Two numbers differ by 3. The sum of their reciprocals is seven tenths. How do you find the numbers?
Tthere are two solutions to a problem:
This is a typical problem that can be solved using a system of two equations with two unknown variables.
Both solutions are correct.
By signing up, you agree to our Terms of Service and Privacy Policy
Let the two numbers be (x) and (x + 3).
The sum of their reciprocals is:
(\frac{1}{x} + \frac{1}{x + 3} = \frac{7}{10})

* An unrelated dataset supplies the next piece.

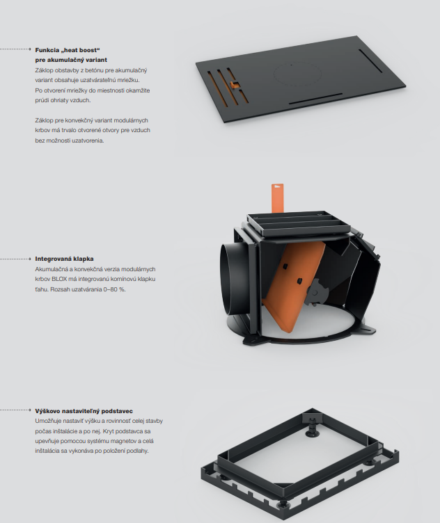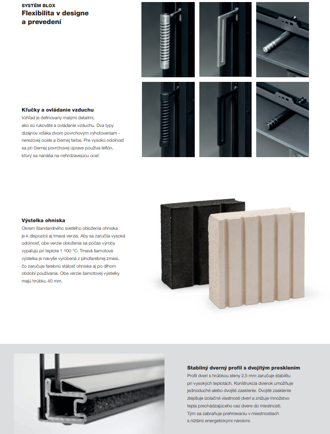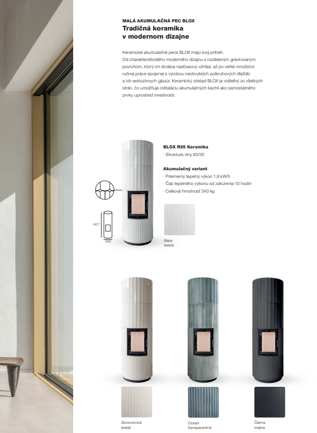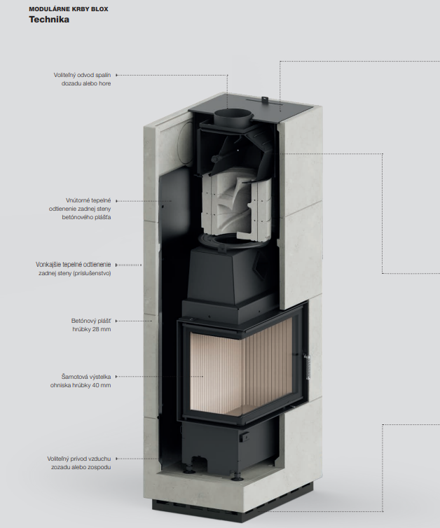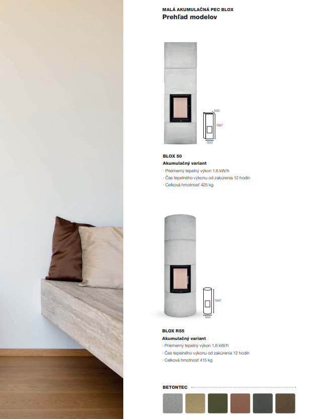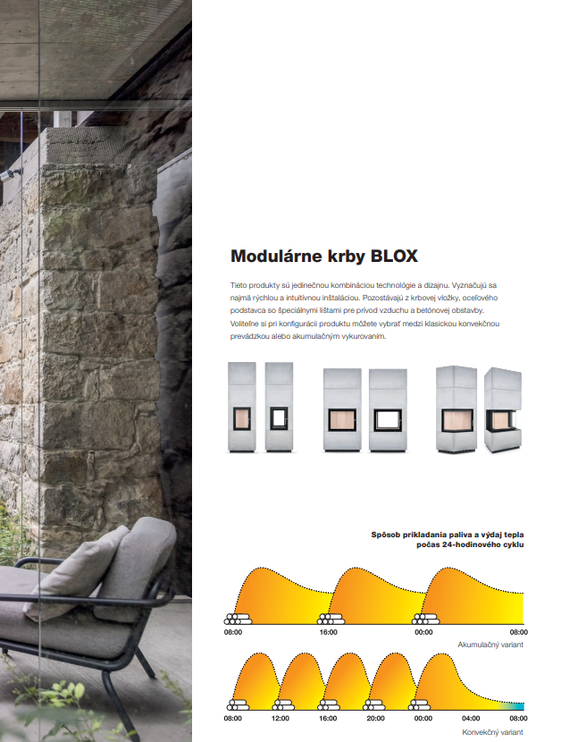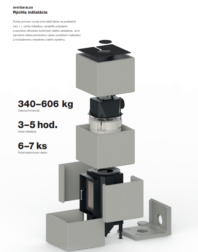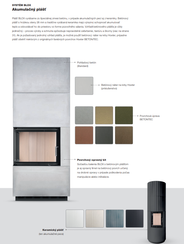 Spolu s rastom kvality technológie budov sa menia aj požiadavky na ich vykurovanie. Kvalitne izolované domy si vyžadujú zmenu prístupu. V porovnaní k masívnemu vykurovaciemu výkonu, ktorý sa rýchlo vyčerpá a vyžaduje časté prikladanie, prichádzajú malé kompaktné akumulačné pece BLOX s odlišnou filozofiou. Ohraničujú tepelný výkon a cielia na dokonalejšiu akumuláciu s nižšou frekvenciou prikladania paliva. Plášť akumulačnej kompaktnej pece BLOX je vyskladaný z modulových segmentov vyhotovených z pohľadového kachliarskeho betónu, ktorý má výborné akumulačno sálavé vlastnosti. Vďaka tomu akumulačná pec BLOX vyžaruje teplo skutočne dlhý čas aj po vyhasnutí ohňa. Jednoduchá a nadčasová obstavba poskytuje nerušený pohľad na čisto horiaci oheň. Veľký dôraz výrobca Hoxter kladie aj na prevedené detaily a nekomplikovanú rýchlu montáž pece. Môžeme skonštatovať, že dizajn a funkčnosť malej akumulačnej pece BLOX sú spojením symbiózy jednoduchého tvaru a kvalitného kachliarskeho remesla.

To solve this equation, first find a common denominator:
(\frac{x + 3}{x(x + 3)} + \frac{x}{x(x + 3)} = \frac{7}{10})
Combine the fractions:
(\frac{x + 3 + x}{x(x + 3)} = \frac{7}{10})
Simplify:
(\frac{2x + 3}{x(x + 3)} = \frac{7}{10})
Cross multiply:
(10(2x + 3) = 7x(x + 3))
Expand:
(20x + 30 = 7x^2 + 21x)
Rearrange into a quadratic equation:
(7x^2 + 21x - 20x - 30 = 0)
Simplify:
(7x^2 + x - 30 = 0)
Factor or use the quadratic formula to find the solutions for (x). Once you find (x), you can find the other number by adding 3 to it.
By signing up, you agree to our Terms of Service and Privacy Policy
When evaluating a one-sided limit, you need to be careful when a quantity is approaching zero since its sign is different depending on which way it is approaching zero from. Let us look at some examples.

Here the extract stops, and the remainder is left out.